Work task
Copy each line of the listing below exactly and drop the images.

Information shown
=== Section Start ===

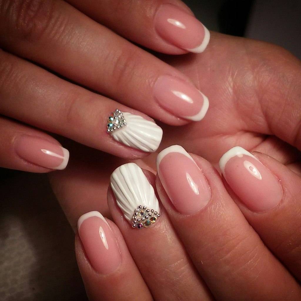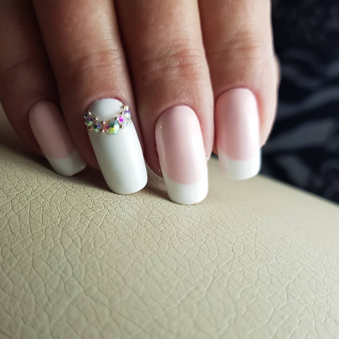 Празднично и ярко выглядит френч с декором со стразами или драгоценными камнями. Ногти с переливами сияющих элементов прекрасно будут сочетаться с аналогичными украшениями на корсете или прическе невесты. Блестящие камешки могут украшать границу между концом белой полоски и основным цветом. Красиво смотрятся стразы, рассеянные по большей части ногтевой пластины. Камешки могут украшать только безымянные палец. Такой френч со стразами на руках новобрачной будет смотреться нежно и романтично.
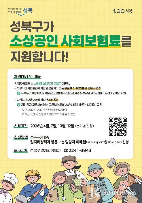 코리아타임뉴스 사회팀 | 서울 성북구가 4월 13일부터 17일까지 2026년 '성북구 소상공인 사회보험료 지원사업' 1분기 신청 접수를 진행한다.
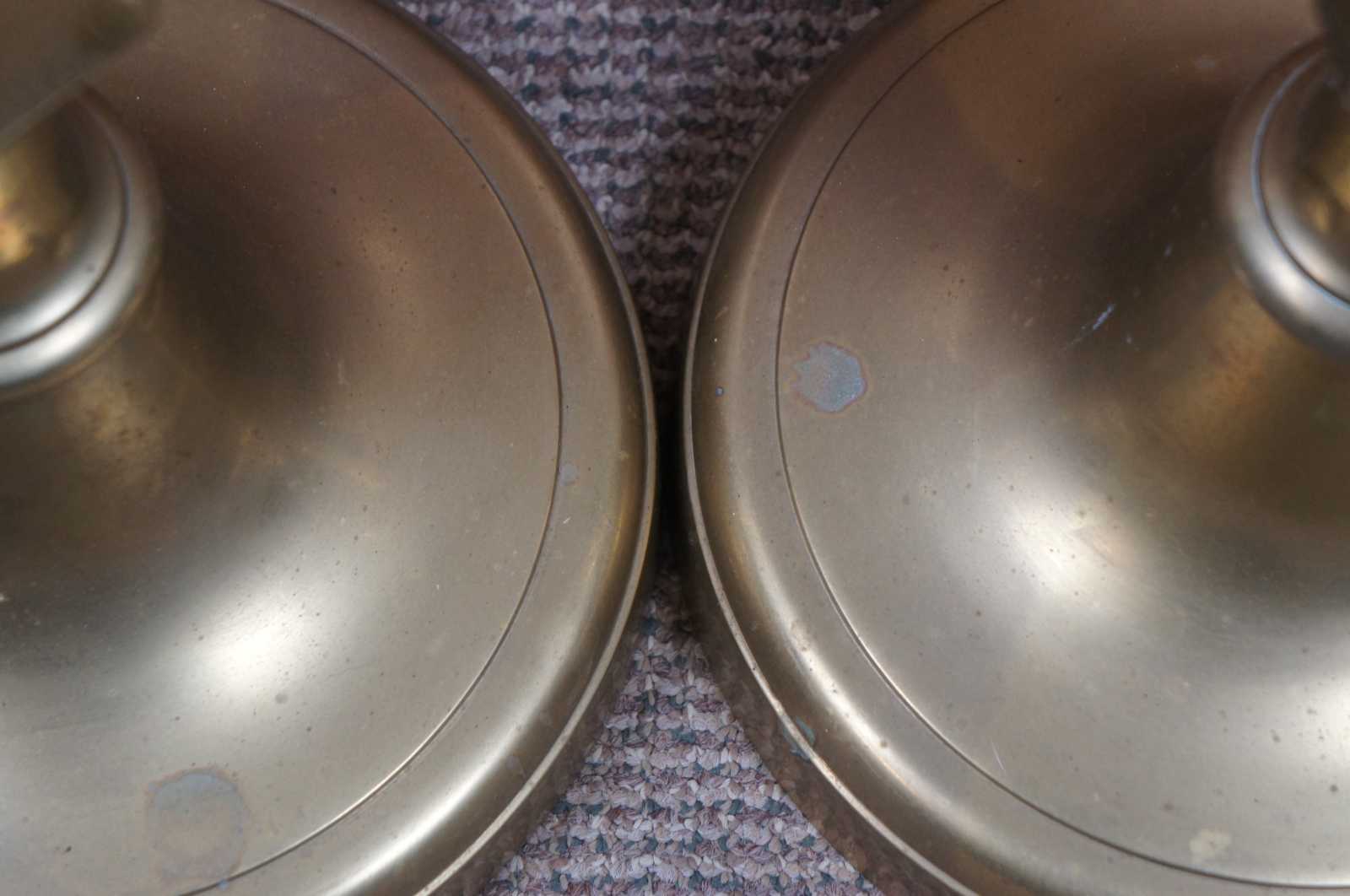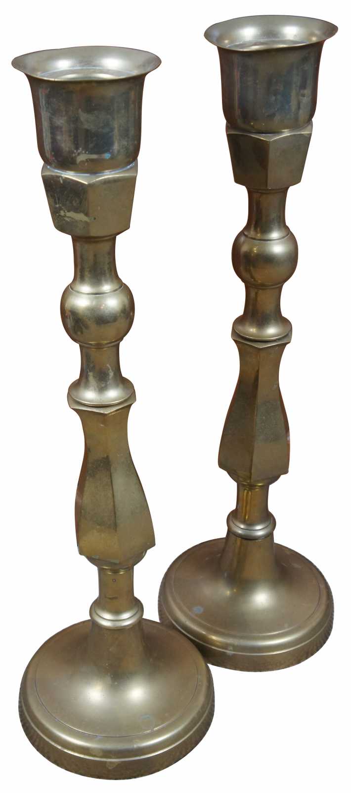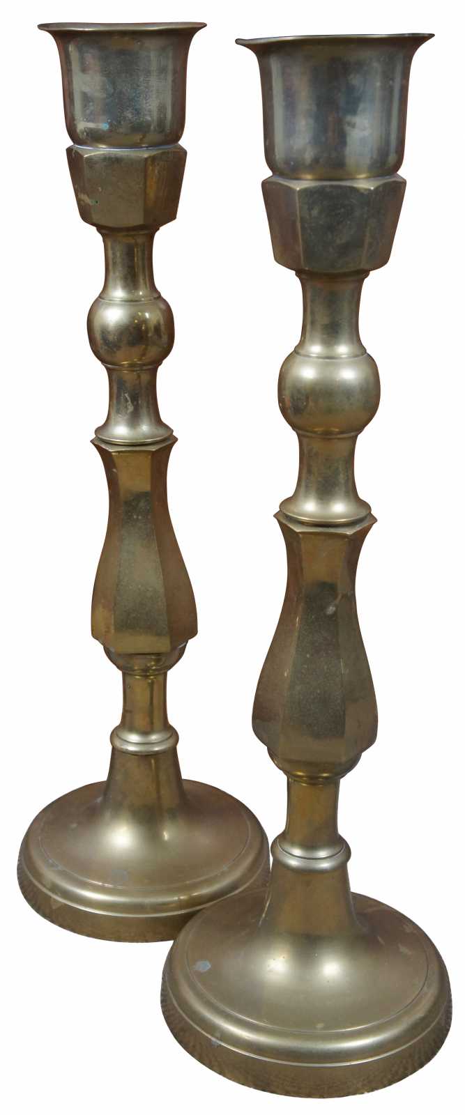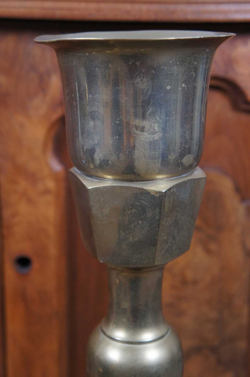 Pair of vintage made in India heavy brass altar candlesticks. Tops accommodate taper, votive or large pillar candlesticks.

=== Section End ===

Your response
 Празднично и ярко выглядит френч с декором со стразами или драгоценными камнями. Ногти с переливами сияющих элементов прекрасно будут сочетаться с аналогичными украшениями на корсете или прическе невесты. Блестящие камешки могут украшать границу между концом белой полоски и основным цветом. Красиво смотрятся стразы, рассеянные по большей части ногтевой пластины. Камешки могут украшать только безымянные палец. Такой френч со стразами на руках новобрачной будет смотреться нежно и романтично.
 코리아타임뉴스 사회팀 | 서울 성북구가 4월 13일부터 17일까지 2026년 '성북구 소상공인 사회보험료 지원사업' 1분기 신청 접수를 진행한다.
 Pair of vintage made in India heavy brass altar candlesticks. Tops accommodate taper, votive or large pillar candlesticks.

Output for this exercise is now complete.